The university attributes a major portion of that decline to the loss off federal stimulus funds and additional declines in Congressionally directed funds. Lofstead said other colleges have seen such drops and that WVU is heartened some competitively earned grants are still coming in strong.

Kessler said lobbyists are talking about "Bucks for Brains" style funds from the state. That state program, created several years ago, helped send millions to WVU and Marshall University for research, but WVU has already tapped its share of the fund.

Two prominent lobbyists - Paul Hardesty and John Cavacini - registered earlier this month to lobby for WVU Research Corp., the university's nonprofit affiliate. They are each making $10,000 for three months of work with contract renewals possible.

WVU may soon be paying, all told, nearly a half million dollars a year on Charleston and D.C. lobbying efforts.

House Finance Chairman Harry Keith White, D-Mingo, said he understood why WVU might need new lobbyists in Charleston.

"I think they felt they had some issues in last year's Legislature that they didn't do very well at," White said.

White said the university wanted to be designated the Marcellus shale research center for the state - but "they didn't do very well on that one," White said.

WVU also hopes to build a Big 12-suitable baseball stadium using a tax-increment financing district.
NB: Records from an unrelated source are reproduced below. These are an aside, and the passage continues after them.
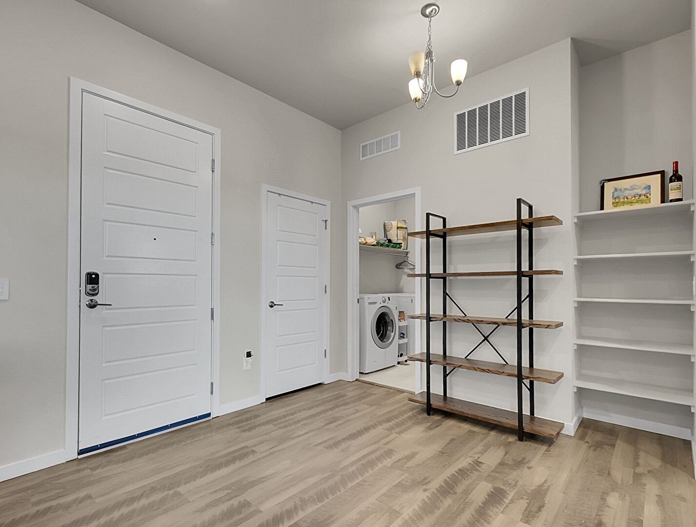 Baseboards Wall,  Drywall,  Electric Panel,  Laundry,  Natural Light,  Recessed Lighting,  Vent,  Washer Dryer,  Wood Finish Floor, L Shaped Kitchen, Notable Chandelier, Wine Cooler, Wood Finish Floor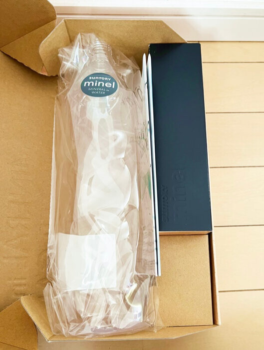 中身は専用のペットボトル(1.5L)1本とミネルが6個入っている。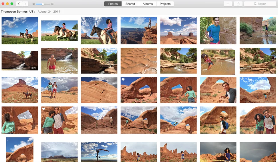 Il nuovo design dell’applicazione Foto utilizza una visualizzazione suddivisa per Momenti, Collezioni e vista anni, già nota ai possessori di un iPhone o un iPad, e dunque i vari scatti saranno automaticamente organizzati in base alla data, ma anche alla posizione e al luogo. L’interfaccia di Foto OS X beneficerà, ovviamente, del più ampio schermo del Mac, rispetto alle controparti iOS, così da avere l’intera libreria fotografica sempre sott’occhio, Una toolbar minimalista offre comandi rapidi a portata di mano, dando accesso immediato alle foto condivise, agli album creati, e ai progetti personalizzati. Queste finestre potranno anche essere sfogliate attraverso gesti sul Magic Mouse o sul trackpad, così da avere a portata di slide ogni foto.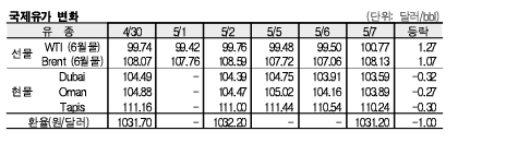 5월7일 국제유가는 미국의 원유 재고 감소 등의 영향으로 상승했다.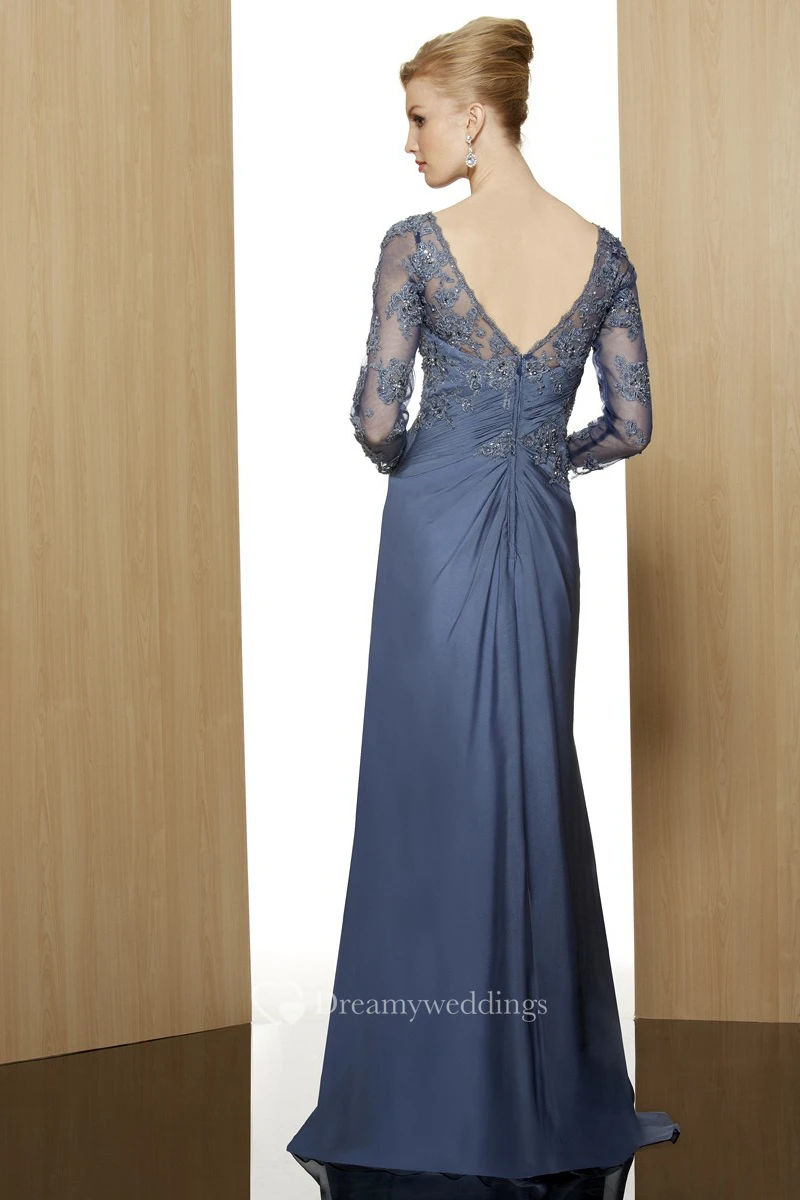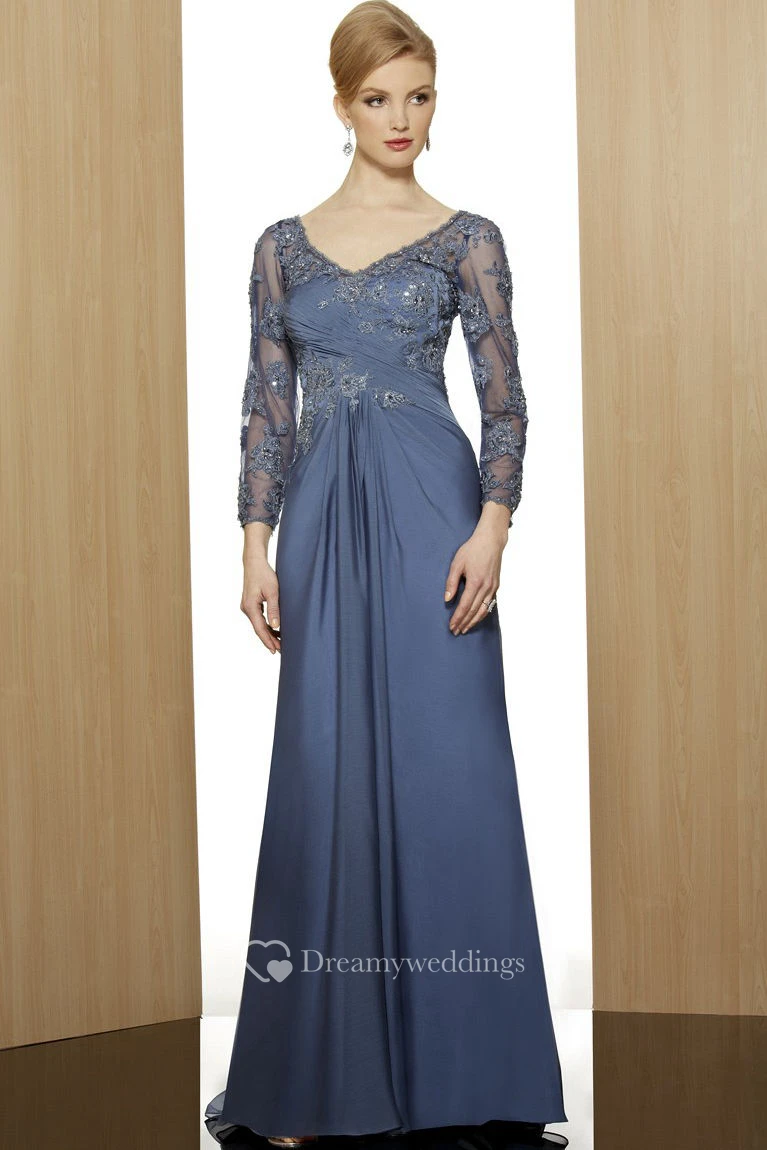 Sheath V-Neck Floor-Length 3-4-Sleeve Appliqued Satin Formal Dress With Beading

That effort came to an abrupt halt in February when Commerce Department officials told lawmakers they hadn't received any of the necessary documents needed to proceed. The project is now proceeding but will still need legislative approval.

Kessler said tax deal for the stadium came up in passing during his discussions with the university's lobbying team. The deal is meant to benefit the university but the tax deal itself goes to a private land developed. Lofstead said WVU's lobbyists are "certainly aware of the project and its importance to the economic development of this part of the state, but they are not representing WVU on this issue." In a second telephone interview late last week, Kessler said he - not the lobbying team - brought up the tax deal.

Cavacini and Hardesty did not respond to requests for comment.

Kessler said they and the university's general counsel, William Hutchens, visited him during legislative interims, which were the second week of September.

Later that evening, Cavacini and Hutchens went to dinner with other people, including Kessler; Prezioso; Senate Education Chairman Bob Plymale, D-Cabell; Sen. Mike Hall, R-Putnam; and Larry Puccio, the Democratic Party chairman and a lobbyist.

Prezioso said Puccio invited him to the event. The two are old friends from Marion County. Puccio said there wasn't any WVU business spoken about around him.